The growing tendency to subject members of national parliaments to disciplinary measures and criminal proceedings or to exclude them from parliamentary activities for statements made in the exercise of their democratic mandate is deeply concerning. Such practices may be used as instruments of political retaliation against members of parliament, particularly those belonging to opposition parties or minority groups. They undermine democratic debate and erode public trust in parliamentary institutions.
As stressed in the Parliamentary Assembly’s Resolution 2381 (2021) “Should politicians be prosecuted for statements made in the exercise of their mandate?”, as well as Resolution 1900 (2012) “The definition of political prisoner” and Resolution 1950 (2013) on “Keeping political and criminal responsibility separate”, the freedom of expression of parliamentarians constitutes a cornerstone of pluralist democracy and must be protected both within and beyond parliamentary premises.

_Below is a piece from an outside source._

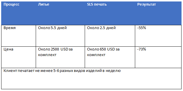 Проблема была в том, что процент успешных отливок составляет около 70 –80% из-за сложности с изготовлением песчаных форм, ошибок при литье и наличия отверстий. Кроме того, для традиционных методов изготовления требуется несколько рабочих, что приводит к высоким трудозатратам. Переход на 3D-печать по технологии SLS значительно упростил процесс производства кондукторов, приспособлений и других изделий, повысил эффективность, а также позволил сократить расходы на производство.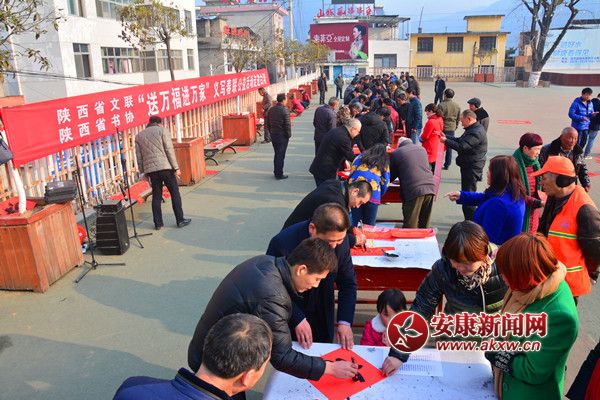 安康新聞網(wǎng)訊(通訊員 吳磊 郎海俠)1月23日,由陜西省文聯(lián)、陜西省書協(xié)組織的“送萬福進萬家”義寫春聯(lián)公益活動在縣體育場舉行,省書協(xié)副主席史星文、吳福春、劉偉群等數(shù)十位省、市書法家參加義寫活動?h委常委、宣傳部長魯延福出席活動并致辭。

The consistent case law of the European Court of Human Rights holds that political speech enjoys a high level of protection under Article 10 of the European Convention on Human Rights (ETS No. 5), particularly when it concerns matters of public interest or criticism of the government. The Court has also emphasised that restrictions on such expression must be strictly necessary in a democratic society and subject to effective judicial review.
Hate speech, incitement to violence, or discrimination can never be tolerated; however, legitimate political criticism and dissent must not be confused with such prohibited conduct.
The Assembly should examine, from a legal and human rights perspective, the situation of parliamentarians subjected to disciplinary or judicial measures for exercising their freedom of expression, in light of the principles upheld by the Council of Europe and, in particular, the European Convention on Human Rights.